# Requirement:
What you return should be the exact lines from the one with "- Transitional design" to the end of the records below, both included, and no pictures.

Stored entries
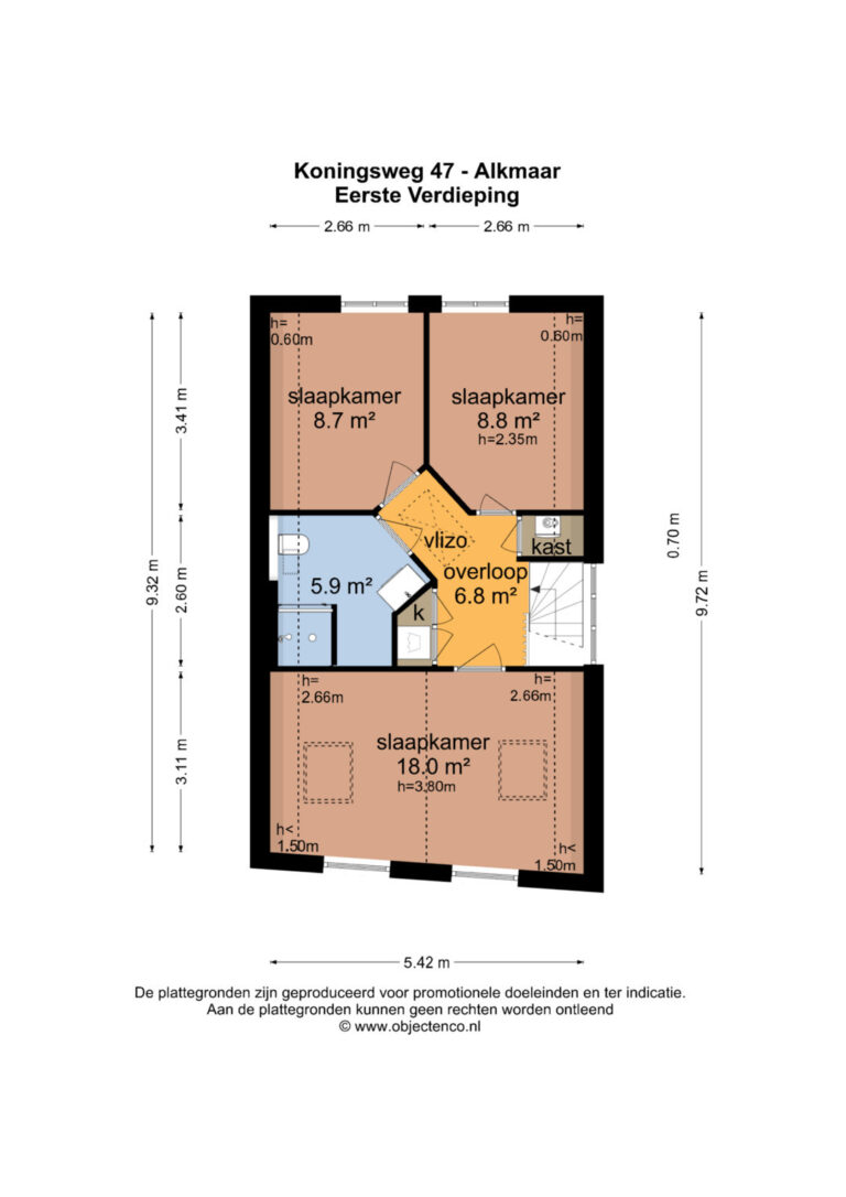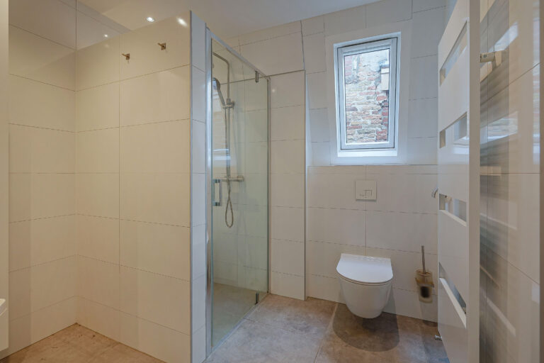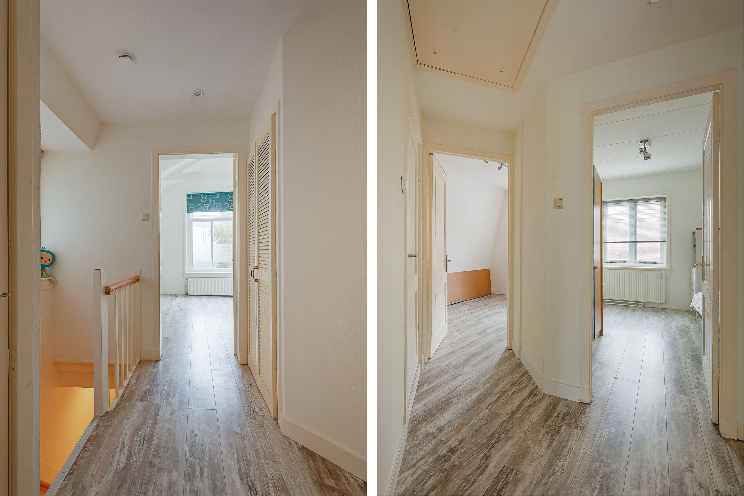De ruime, lichte slaapkamer van ca. 18 m² ligt aan de voorzijde. Aan de andere kant van de overloop bevinden zich twee slaapkamers van elk ca. 9 m². De moderne badkamer is voorzien van een inloopdouche, tweede toilet, wastafelmeubel en designradiator. De lichte overloop zorgt voor een fijne, open sfeer.
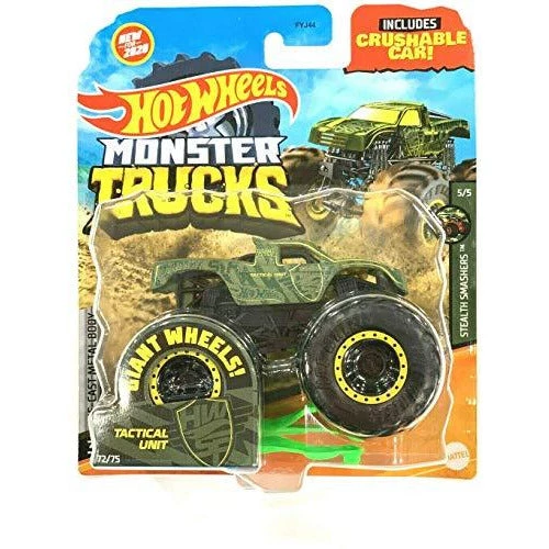Details: Hot Wheels Monster Trucks 1:64 Scale Diecast with crushable car- HWSF Hot Wheels Special Forces Tactical (Green)
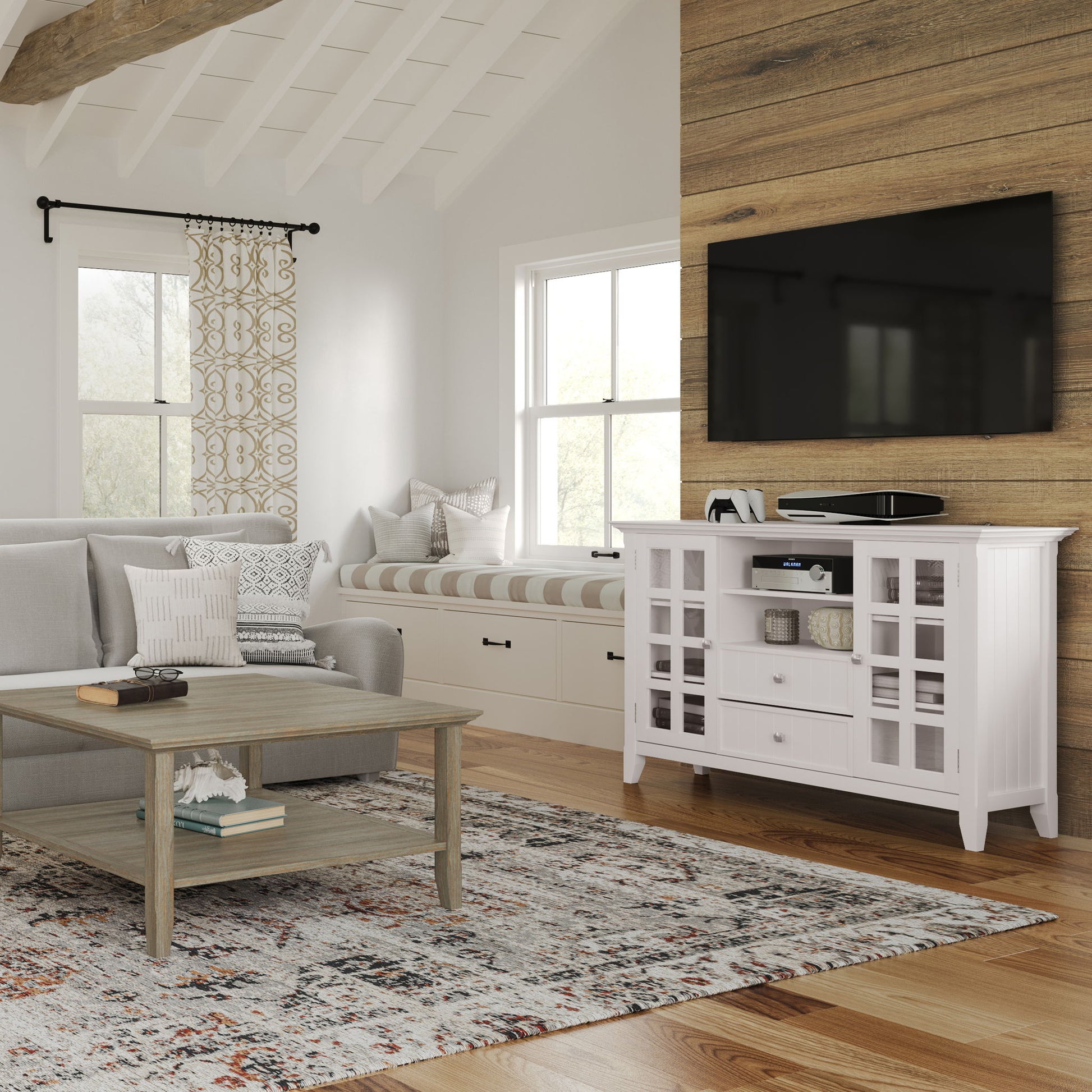 - Transitional design includes grooved sides and brushed bronze knobs, extra wide TV Stand is perfect for TVs up to 60 inches
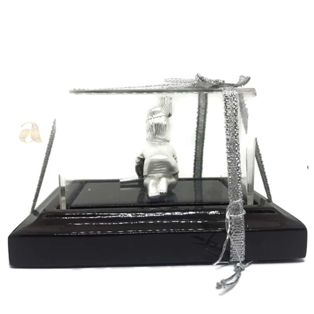 999 Pure Silver Krishna / LORD Krishna Silver idol is made of 99.9% pure silver and comes with cherry colored Rectangular wood stand and hard acrylic Removable Rectangular cover. Reference Idols were first crafted in clay by Skilled and Reputed Sculptors and then converted into Silver Form, conforms to Vastu and Indian religious traditions. Made with Excellent Silver hardness and superior quality..
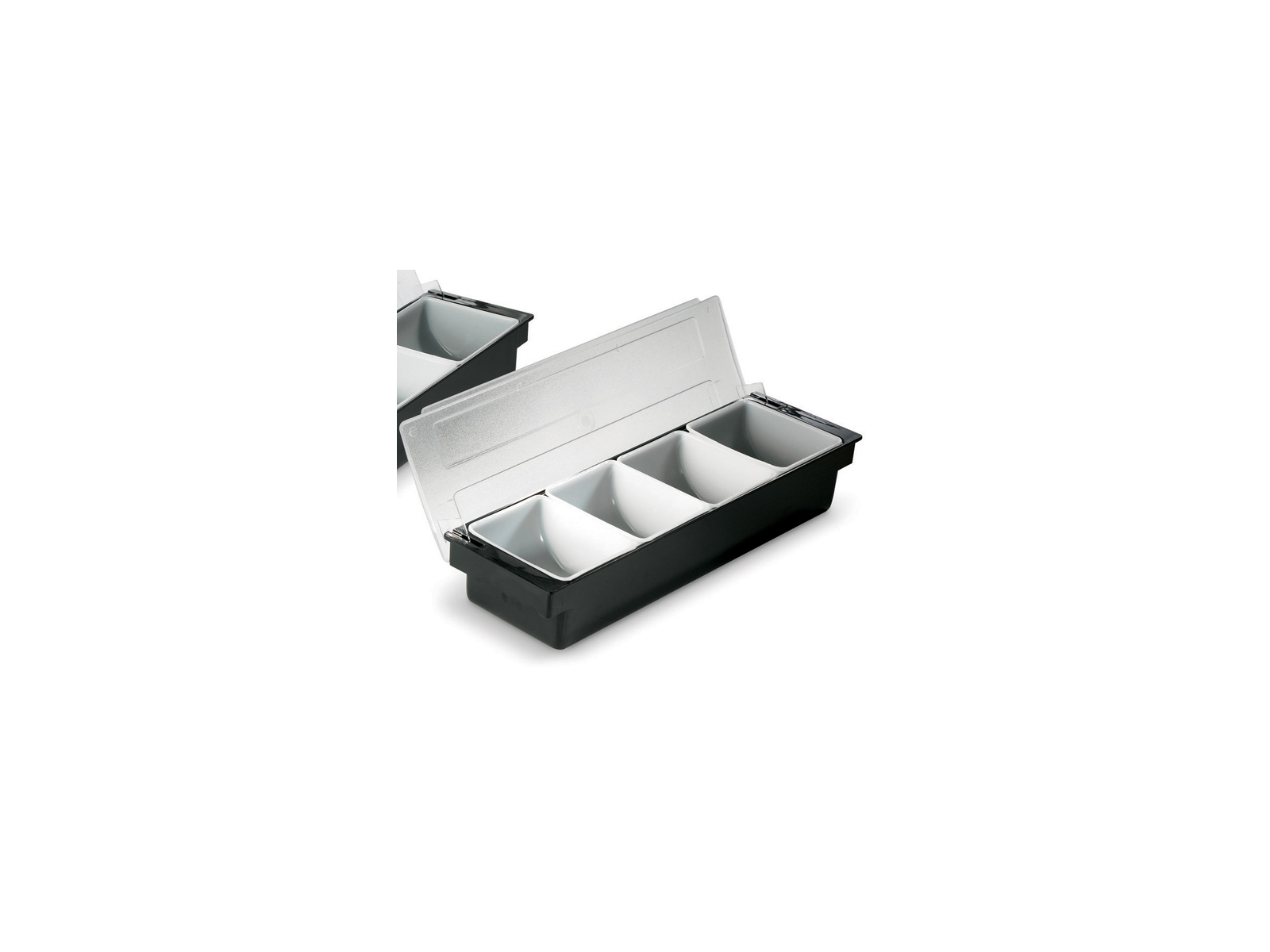 La división del contenedor en cuatro compartimentos separados lo hace especialmente adecuado para organizar contenido que debe mantenerse separado. Esto puede ser particularmente útil en la cocina para almacenar especias, ingredientes secos o utensilios. En entornos profesionales, se puede usar para mantener el control de pequeños componentes, artículos de oficina u otros elementos que requieren una organización sistemática. El color negro proporciona una apariencia neutra y profesional que se adapta a la mayoría de los entornos.
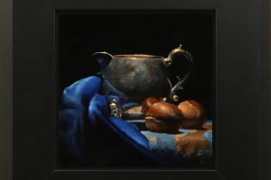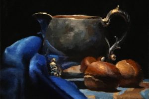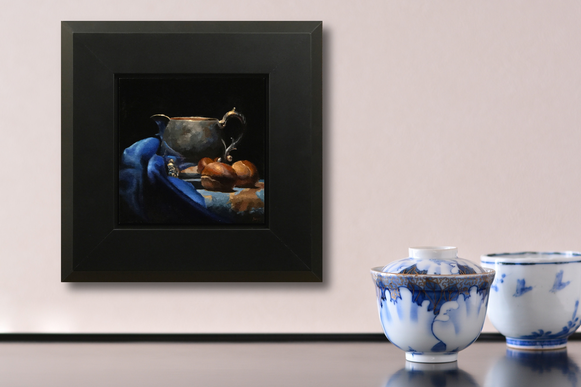 “Silver, Chestnuts, Velvet” is an original still life painting, done with oil on panel.

# Finished task:
 - Transitional design includes grooved sides and brushed bronze knobs, extra wide TV Stand is perfect for TVs up to 60 inches
 999 Pure Silver Krishna / LORD Krishna Silver idol is made of 99.9% pure silver and comes with cherry colored Rectangular wood stand and hard acrylic Removable Rectangular cover. Reference Idols were first crafted in clay by Skilled and Reputed Sculptors and then converted into Silver Form, conforms to Vastu and Indian religious traditions. Made with Excellent Silver hardness and superior quality..
 La división del contenedor en cuatro compartimentos separados lo hace especialmente adecuado para organizar contenido que debe mantenerse separado. Esto puede ser particularmente útil en la cocina para almacenar especias, ingredientes secos o utensilios. En entornos profesionales, se puede usar para mantener el control de pequeños componentes, artículos de oficina u otros elementos que requieren una organización sistemática. El color negro proporciona una apariencia neutra y profesional que se adapta a la mayoría de los entornos.
 “Silver, Chestnuts, Velvet” is an original still life painting, done with oil on panel.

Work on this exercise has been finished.